Not sure how this is going to turn out. I think I made quite a few mistakes and I'm actually wanting to do another batch right away and tweak the things I did wrong.

Here's the recipe I used:

96 bags Lipton tea
3 gallons distilled water
6 cups corn sugar
zest of 2 lemons and juice of 5
cotes de blanc dry yeast

First I boiled 1 gallon of water then added the sugar and zest.
Removing the pot from the burner I then let it steep for 5 minutes, removed the tea bags and added the lemon juice.

Here's where I think I messed up. I had a friend over at the time and became distracted. I placed the pot in my sink filled with cold water. In my carboy I added the distilled water which had been in my refrigerator. After probably less than two minutes I added the tea "wort" to the carboy and brought to volume with another cold gallon of water.

Then I pitched my yeast (without checking the temperature) to the carboy. I had made a starter and had it in my fridge and added it straight to the carboy.

I have no clue what temp my wort was before I pitched the yeast. I did take a gravity reading before pitching and it was somewhere around 1.012....kind of low. Guess I need to add a bit more sugar next time.

Well, it was an experiment that's for sure. I'll update once I see some activity...or not. :(
 
It has been about 24 hours. would I just throw it in and shake it up? Don't have much in the way of something to stir up a carboy.
 
I'd use corn sugar, boil it down in water and let it cool, then pour it into the carboy. To stir it up, a big piece of foil that's been dipped in no rinse sanitizer held tightly over the neck to keep everything in and some good swirling action would do it.
 
That's true. Oddly enough my grocery store didn't have any. I was in a rush, that's no excuse but there you have it. I will definitely seek it out next time.
 
I'd use corn sugar, boil it down in water and let it cool, then pour it into the carboy. To stir it up, a big piece of foil that's been dipped in no rinse sanitizer held tightly over the neck to keep everything in and some good swirling action would do it.

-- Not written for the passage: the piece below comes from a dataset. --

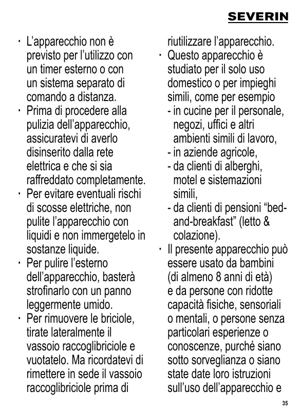 ∙ Per rimuovere le briciole,

I took your advice and boiled 6 more cups of corn sugar into 1 quart of water and added that to my carboy. It's bubbling away happily so now I'll just be patient and see how it turns out.
 
Well it has been 3 weeks today so I could barely contain myself as I tried my experiment.

I boiled 6 cups of regular table sugar in 2 quarts of water, cooled it in an ice bath and added 4 crushed campden tablets. I then added the sugar water to my bottling bucket and then siphoned my tea from my carboy into the bottling bucket.

I didn't bottle it, I just siphoned it into 4 gallon jugs once mixed like I would a normal sweet tea.

Adding ice like I would to any sweet tea I took my first tentative sip. Honestly the first thing that came to mind was that it tasted like flat champagne. I could detect the lemon and tea flavors but they are weak. This surprised me since I used nearly 100 bags of tea!

Some friends of mine really enjoyed it and said they would recommend to others and definitely wanted me to brew more. My Father in law said it need just a little something more and added mint to his.

I actually quite like it. Very refreshing on a hot day and is easy to drink.
I may will definitely tweak the recipe. I will definitely up the sugar to increase my alcohol content next time.

Has anyone else done a tea like this? I would love to really nail down my recipe.